WHAT IS BEING ASKED
A faithful copy of the data is what is wanted, minus any pictures.
[SOURCE DATA — start]
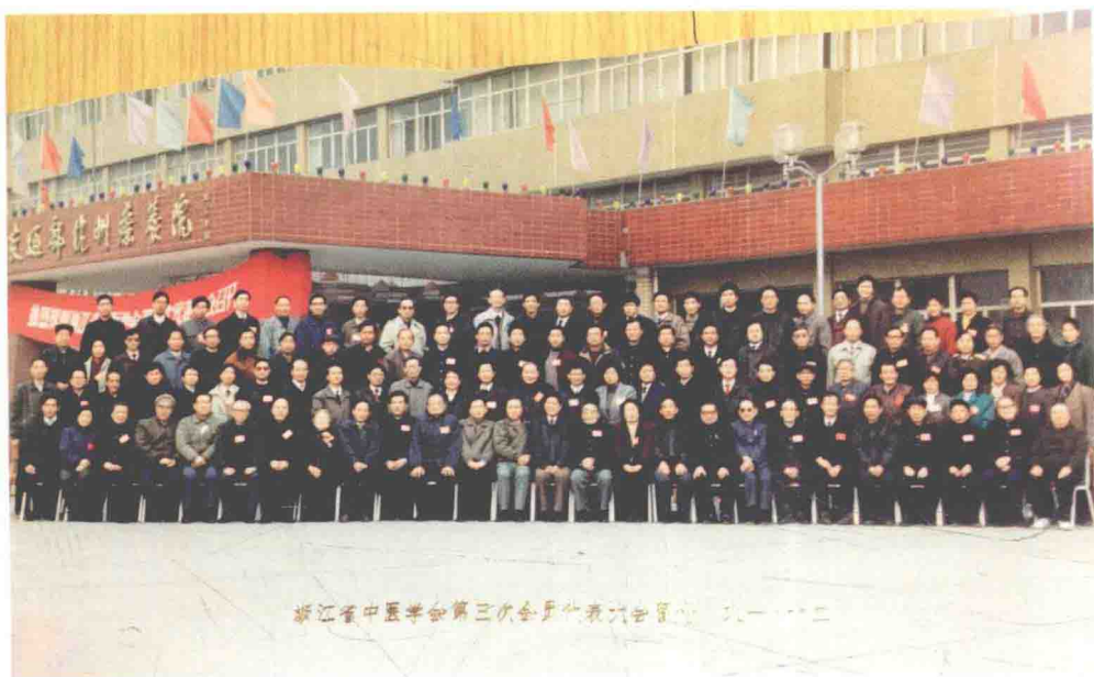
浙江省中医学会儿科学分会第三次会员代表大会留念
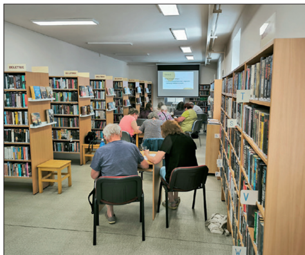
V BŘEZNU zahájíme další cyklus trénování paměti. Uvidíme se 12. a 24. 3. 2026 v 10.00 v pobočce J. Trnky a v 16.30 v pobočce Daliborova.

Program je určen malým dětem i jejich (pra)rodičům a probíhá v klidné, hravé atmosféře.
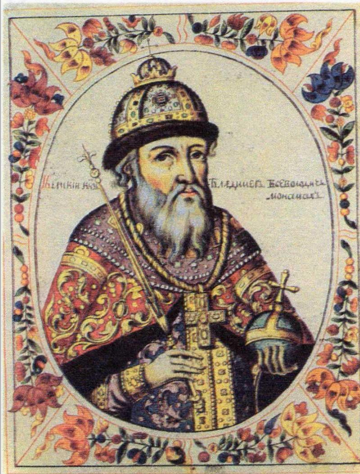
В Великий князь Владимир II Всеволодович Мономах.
[SOURCE DATA — finish]
RESULT OF THE EXERCISE
浙江省中医学会儿科学分会第三次会员代表大会留念
V BŘEZNU zahájíme další cyklus trénování paměti. Uvidíme se 12. a 24. 3. 2026 v 10.00 v pobočce J. Trnky a v 16.30 v pobočce Daliborova.

Program je určen malým dětem i jejich (pra)rodičům a probíhá v klidné, hravé atmosféře.
В Великий князь Владимир II Всеволодович Мономах.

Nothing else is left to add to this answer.